Were any of them affiliated with the Dartmouth group’s research? Were any associated with journals in which that research was published? It’s not in the public record. There should be a call for the public release of the names of those who invested in Health Dialog. We do know that some of the people associated with the FIMDM and the journals mentioned have been staunch defenders of the Dartmouth Atlas. I think the public is entitled to know who is supported by the money that comes from Health Dialog, either directly or through the Foundation, and who has profited directly from Health Dialog.


Dartmouth College recently received an anonymous gift of $35 million to fund a new health care policy institute along the lines of interest expressed by Wennberg and his colleagues. Where did that money come from? Anonymous gifts are not unusual. That’s a big one, and most universities announce the donors of major gifts. Where did all of that money come from? And what’s the big secret?


The “quality-industrial complex” needs transparency. And the Dartmouth program, with all of its extensions, is simply not transparent.

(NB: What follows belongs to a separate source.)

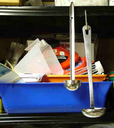 What really started this train of thought was ‘dipping out’ the ‘sealer’ for Joanne’s shelf unit. I was going to finish the office shelf unit with Clear Acrylic Poly - for a good, hard, surface. I wanted too put down the first coat as a ‘sealer’ before I cut the plank to size and did the routing. This way I would get a cleaner edge to the cuts. Normally I’m a little lax with the application on these sort of projects, and apply right out of the can. In this case, because I had already applied a Red Mahogany aniline dye wash coat, I didn’t want to contaminate the full quart. Therefore I dipped out 2 ounces. “Dipped Out” ?? ‘How did he know it was 2 Ounces ?? EASY - the stainless steel ladle said so! ‘Stainless Steel? - ‘Mr. Cheap’? I actually have two -one is small & deep and the other is wide & shallow - thanks to Harbor Freight and the local ‘Dollar Store’. They allow me to ‘dip’ measured quantities from gallon cans down to 1/4 pint ones. If I can get solid Stainless for about the same price as ‘plated’ steel - so much the better. If soapy water or paint thinner won’t clean them - a blow torch will . . . and NO RUST.. If their not marked? Compare one to the other or pour a dipper of water into a small measuring container. The ‘dosage cups’ that come with liquid cough medicine are about one ounce - with measurements in cc’s embossed. {they also measure a nice shot of Rum - for ‘medicinal reasons, of course.}

JL: Their research is also directly funded by the insurance companies.


RC: Now you’ve got the loop. Independence Blue Cross [Southeastern Pennsylvania’s largest health insurer] licenses the Health Dialog software under a program they call “Connections.” They market their version of shared decision making using their module, which as far as I can tell is basically the Health Dialog module repackaged for the insurance carrier. We need to know who profits from quality.


JL: The New York Times article repudiating Dartmouth, although the authors don’t say so, is a vindication of your criticisms.

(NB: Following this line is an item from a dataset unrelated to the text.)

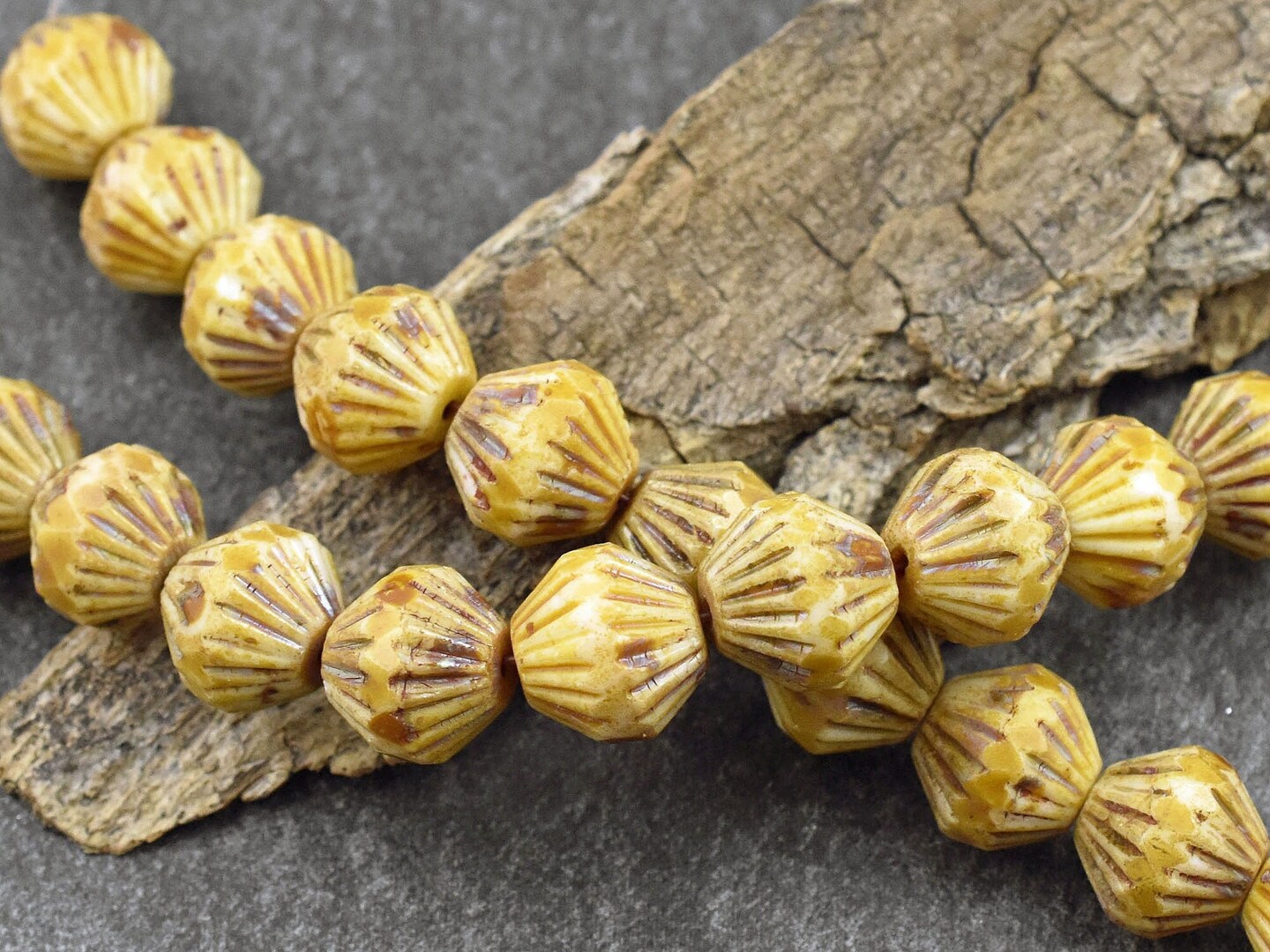 *10* 10mm Antique Ivory Picasso Central Cut Bicone Beads

RC: I don’t believe I need vindication. I don’t need vindication from the attacks by the Dartmouth group or their groupies. As I mentioned previously, I did write a letter to the paper about the article that exposed Dartmouth’s duplicity. The Times has never published any of the dozen or so letters, as well as three or four op-ed pieces, that I have written over the years. I doubt that they’ll publish my letter, unless the paper really has seen the light.


JL: Could you comment on the role of the WSWS versus the mainstream media?


RC: I think it’s been a really important voice. The notion that poverty matters is not being picked up by the Times or the Washington Post. The Dartmouth group takes the position that poverty does not matter. How remarkable. They don’t even take an intermediate position, like poverty is important, but there are a lot of other factors. But, in fact, they deny that poverty is a factor in health care spending.


A New England Journal of Medicine article by Dr. Jason Sutherland, Fisher and Skinner in September 2009 said that poverty has almost no impact on health care spending. What a terrible thing to say to poor people. Why don’t they go into the middle of Detroit and into one of the hospitals that cares for a lot of poor people? The Dartmouth people should look some of those folks who are really suffering in the eye and say to them, “Poverty makes almost no difference in health care spending.” I’d like to see if Skinner and Fisher have the guts to confront the poor and not hide behind the New York Times and the New England Journal of Medicine.

The World Socialist Web Site has the guts to do it and you’re out there saying it. And I think that’s important. The gauntlet has been thrown down on these issues. And the WSWS has been instrumental in making that happen.